“C’mon. Give us juice,” reads the homepage of juicycampus.com, a Web site that has been stirring up the campus ever since it expanded in January to include Princeton.

Founded by Duke graduate Matt Ivester in August 2007, the site provides forums for anonymous, uncensored gossip at more than 50 colleges. For those students whose names have come up, the results are usually mean-spirited, humiliating, and often false.

Princeton’s JuicyCampus Web site is viewed more than that of any other Ivy League school besides Cornell, with discussions centering around Greek affiliations, eating clubs, and sexual exploits. The most-discussed topics include “Bicker surprises” and “Sluttiest girl,” and homophobic and racist comments are particularly rife.

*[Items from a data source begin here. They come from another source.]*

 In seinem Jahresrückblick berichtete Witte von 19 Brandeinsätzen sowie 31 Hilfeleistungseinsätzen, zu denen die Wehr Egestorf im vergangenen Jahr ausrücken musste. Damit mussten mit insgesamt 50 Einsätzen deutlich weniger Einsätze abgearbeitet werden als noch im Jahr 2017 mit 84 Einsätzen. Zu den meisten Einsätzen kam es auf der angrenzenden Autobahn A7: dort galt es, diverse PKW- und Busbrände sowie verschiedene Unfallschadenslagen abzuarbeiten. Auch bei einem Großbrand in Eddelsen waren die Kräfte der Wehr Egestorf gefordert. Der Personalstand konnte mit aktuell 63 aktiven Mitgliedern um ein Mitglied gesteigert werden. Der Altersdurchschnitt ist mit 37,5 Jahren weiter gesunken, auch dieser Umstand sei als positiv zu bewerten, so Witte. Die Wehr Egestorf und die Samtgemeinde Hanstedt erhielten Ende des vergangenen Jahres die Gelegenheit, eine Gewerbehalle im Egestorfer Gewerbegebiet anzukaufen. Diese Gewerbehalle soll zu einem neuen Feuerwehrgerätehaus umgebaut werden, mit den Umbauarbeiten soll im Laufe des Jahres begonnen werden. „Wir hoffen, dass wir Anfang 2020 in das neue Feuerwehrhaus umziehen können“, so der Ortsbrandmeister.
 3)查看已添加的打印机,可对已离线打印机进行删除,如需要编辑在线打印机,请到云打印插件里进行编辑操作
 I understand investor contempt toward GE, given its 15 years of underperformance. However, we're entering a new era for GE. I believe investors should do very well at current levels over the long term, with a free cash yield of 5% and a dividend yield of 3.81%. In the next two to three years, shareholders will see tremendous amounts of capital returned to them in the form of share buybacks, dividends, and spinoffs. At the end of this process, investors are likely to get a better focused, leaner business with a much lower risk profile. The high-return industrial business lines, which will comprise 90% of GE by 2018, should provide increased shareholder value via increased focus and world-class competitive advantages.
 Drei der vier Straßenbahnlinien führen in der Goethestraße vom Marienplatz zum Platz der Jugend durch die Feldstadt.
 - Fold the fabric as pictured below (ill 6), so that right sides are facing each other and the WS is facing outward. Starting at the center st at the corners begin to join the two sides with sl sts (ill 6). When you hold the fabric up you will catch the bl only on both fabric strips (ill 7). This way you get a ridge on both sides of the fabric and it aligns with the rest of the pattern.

In mid-March, the New Jersey attorney general’s office subpoenaed Juicy Campus’ records, stating that while the site claims to ban offensive material, it does not allow the subjects of its gossip to contest what has been published about them, and is therefore in violation of the Consumer Fraud Act.

Some Princeton students called for a boycott of the site, while others posted passages from Dostoevsky, the Constitution, and War and Peace in an attempt to overwhelm the site’s servers.

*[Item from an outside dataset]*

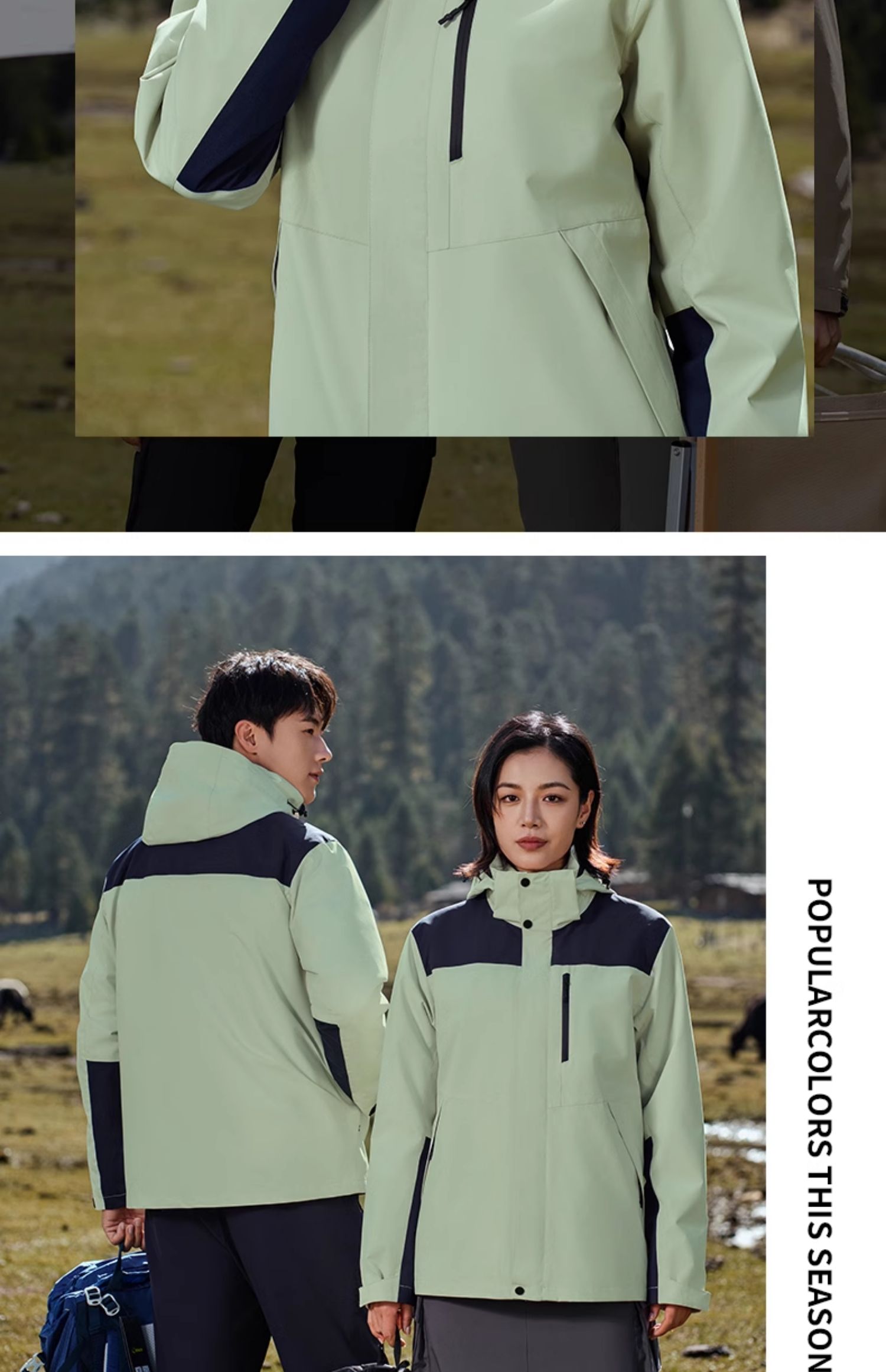 设计点:跟色银狐绒内胆,正品YKK正品拉 链,连帽设计款式防风防泼水。

“Please don’t assume that the comments here represent the thoughts of the majority of Princeton students,” wrote one unnamed student. “Many of us view this site as a form of entertainment in the early hours of the morning while we try to stay awake and study.”

The Web site spurred a free-speech debate on campus, with some students urging the administration to ban access to the site from campus computers. University spokeswoman Cass Cliatt ’96 and Thomas Dunne, associate dean of undergraduate students, said that in order to avoid a “slippery slope,” the University’s policy is not to prohibit access to Web sites based on content unless criminal enterprises or acts could be involved.

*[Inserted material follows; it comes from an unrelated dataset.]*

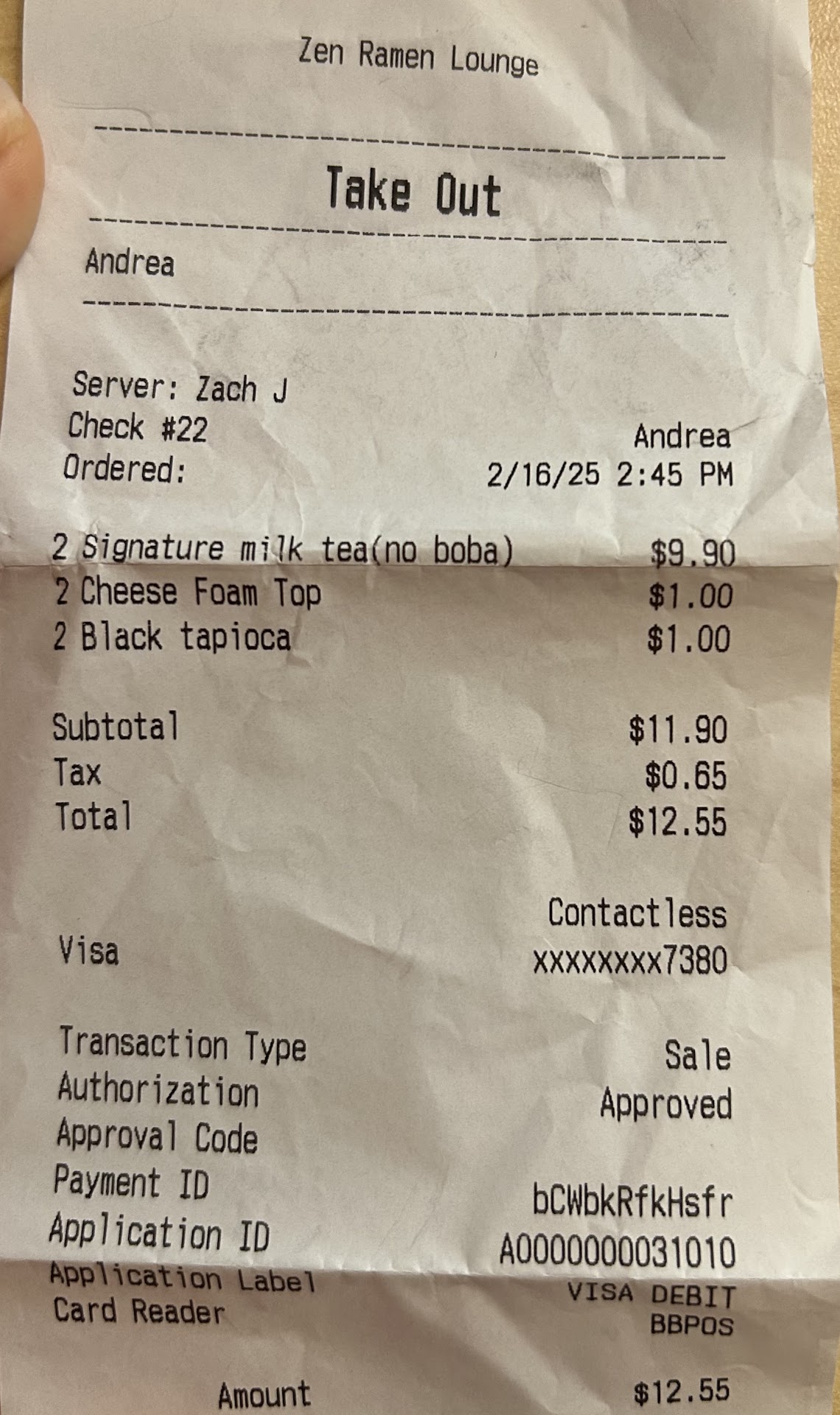 This past Sunday 02/16/2025 was our first time in Zen Ramen Lounge, we were craving some boba an wanted to try a new place, we live all the way on the west side and went all the way to this place that is 25 min away from home, to this restaurant with 4.6 star rating that we thought was going to be amazing. IT WAS NOT! We got there super excited to try their boba but the experience there was unpleasant, nobody acknowledge us, nobody greeted us, the only person that was there didn't even take a moment to at least inform us that it was going to take a WHILE. After 20 min, they guy finally comes to the register but still doesn't acknowledge us, doesn't welcome us, the phone rings, he grabs the call, the phone rings again and grabs the call again and FINALLY he asks us what would we like, without any friendliness, without any eye contact, no great costumer service AT ALL. I told him my order the clearest and calmest way, he didn't get it the first time so he asked for clarification which is okay, repeated the order to him and we thought that he was going to make our drinks right away for all that time he had us waiting but no, there he goes again to the area were they prepared the drinks, this place had no organization, we waited 20 MINUTES to get our boba drinks, but wait, it gets worse. During those 20 min, they guy whom I believe his name is Zach J, at least that's what my receipt says, barely had milk tea for our boba milk teas, tells us after being charged $2 dollars for cheese top that he "just checked and doesn't have enough cheese top and it will mean that he needs to make more (which he didn't) but will see what I can do" which was really frustrating because if he knew he didn't have enough he could've said that before he charged us or at least offer a refund. He did not apologize one time for all the time we were waiting just for two simple milk teas. He finally gets to the part of the cheese top and when I tell you we were getting sprinkles of cheese top that's exaggerating, at this point my wife and I are upset at the fact that that was clearly not the regular amount you get for cheese top, especially when we payed $2 extra for cheese top, ARE YOU KIDDING me!!! We thought that maybe the guy was going to at least have a gesture of giving us a coupon or something for all the time waiting and not getting an actual cheese top toping but he DID NOT. This guy was SO DISRESPECTFULL when he had the audacity to throw both of the straws at us, UNACCEPTABLE. A caucasian lady came during those 15 min for a pick up order and she actually had a boba drink, he gently handed of the straw and drink to her, he did not throw the straw at her like he did to us. This did not make me feel welcome as a Latina and LGTBQI+ women, that gesture of him spoke a lot. We did not mentioned one thing those whole 15 min that we were just observing him for him to act that way towards us. We were there 40 min for 2 drink only! INSANE!!!! First and last time there, do not recommend this place if you're looking for a great customer service experience DO NOT GO TO ZEN...

However, in a March 31 e-mail, Dunne announced that students and administrators had created a Web-based petition against anonymous attacks and “to rally the majority who do believe that these types of attacks are cowardly and have no place at our school.”

The online petition, www.ownwhatyouthink.com, said that posting malicious gossip on the Web, tearing down posters on campus because of the viewpoints expressed by the sponsoring organization, and writing derogatory messages in common areas were “particularly detrimental to respectful and open dialogue.” More than 650 people signed their names to the petition in less than a week.